En attendant que la bataille de l’héritage de Johnny Hallyday soit tranchée, la justice examine vendredi la requête des aînés du rockeur, qui réclament en urgence le gel de son patrimoine et un droit de regard sur son album posthume.

Le 15 mars, le premier round judiciaire très attendu opposant David Hallyday et Laura Smet à Laeticia Hallyday avait tourné court à Nanterre, les avocats des enfants estimant ne pas avoir eu assez de temps pour prendre connaissance des documents de la partie adverse.

Saisi en référé, le tribunal de grande instance avait renvoyé l’affaire à vendredi et intimé à l’avocat de la veuve de Johnny, décédé le 5 décembre à l’âge de 74 ans, de fournir à ses contradicteurs plusieurs pièces complémentaires.

Le conseil de Laeticia devait notamment produire une copie traduite en français du dernier testament du rockeur, rédigé en juillet 2014 en Californie, et préciser le “périmètre” du “trust” contenant ses avoirs –dont la veuve Hallyday est aujourd’hui l’unique bénéficiaire– ainsi que le nom des gestionnaires de cette entité juridique.

Sur ces deux derniers points, les avocats des aînés déplorent ne pas avoir obtenu satisfaction et plaideront leur cause vendredi à Nanterre, en l’absence des protagonistes de cette féroce bataille entre les deux clans Hallyday.

Droits Sacem bloqués

Me Ardavan Amir-Aslani, conseil de Laeticia, estime que le patrimoine de l’artiste est déjà connu de tous : ses parts de SCI dans la villa de Marnes-la-Coquette, en banlieue parisienne, deux maisons en Californie et une autre à Saint-Barthélémy.

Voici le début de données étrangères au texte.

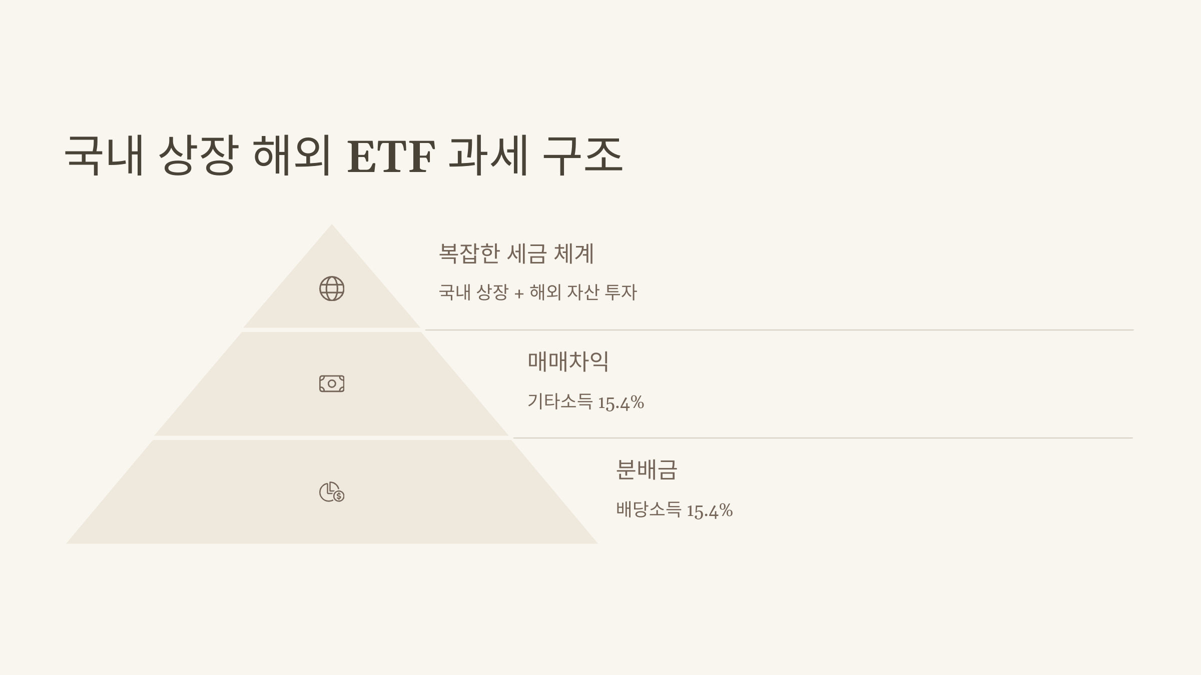 | 국내 상장 해외 ETF | 매매차익 + 분배금 | 기타소득 15.4% / 배당소득 15.4% |

Le tout estimé à “30-35 millions d’euros”, selon lui.

Les droits artistiques -“entre 700 et 800.000 euros par an”, selon Me Amir-Aslani- doivent également être versés dans ce trust mais ces revenus sont, pour l’instant, gelés par la Sacem (Société des auteurs, compositeurs et éditeurs de musique) dans l’attente du règlement de la succession de l’artiste.

Quant au gestionnaire des actifs immobiliers et artistiques du rockeur, réunis au sein du trust “JPS” (pour Jean-Philippe Smet), il n’est “pas encore connu”, martèle le clan de Laeticia.

Cette structure juridique de droit californien, mise en place en juillet 2014, était gérée par le chanteur jusqu’à sa mort et devait, selon ses dernières volontés, bénéficier à son décès à sa veuve, puis à ses filles Jade et Joy à la disparition de leur mère.

Celle-ci ne peut toutefois, en aucun cas, en disposer à sa guise, assure Me Amir-Aslani.

Quant aux autres membres du clan Boudou, la famille de Laeticia -notamment sa grand-mère Elyette, dite “Mamie Rock”, et son frère Grégory-, l’avocat affirme qu'”aucun” d’entre eux à ce jour “ne figure dans ce trust”.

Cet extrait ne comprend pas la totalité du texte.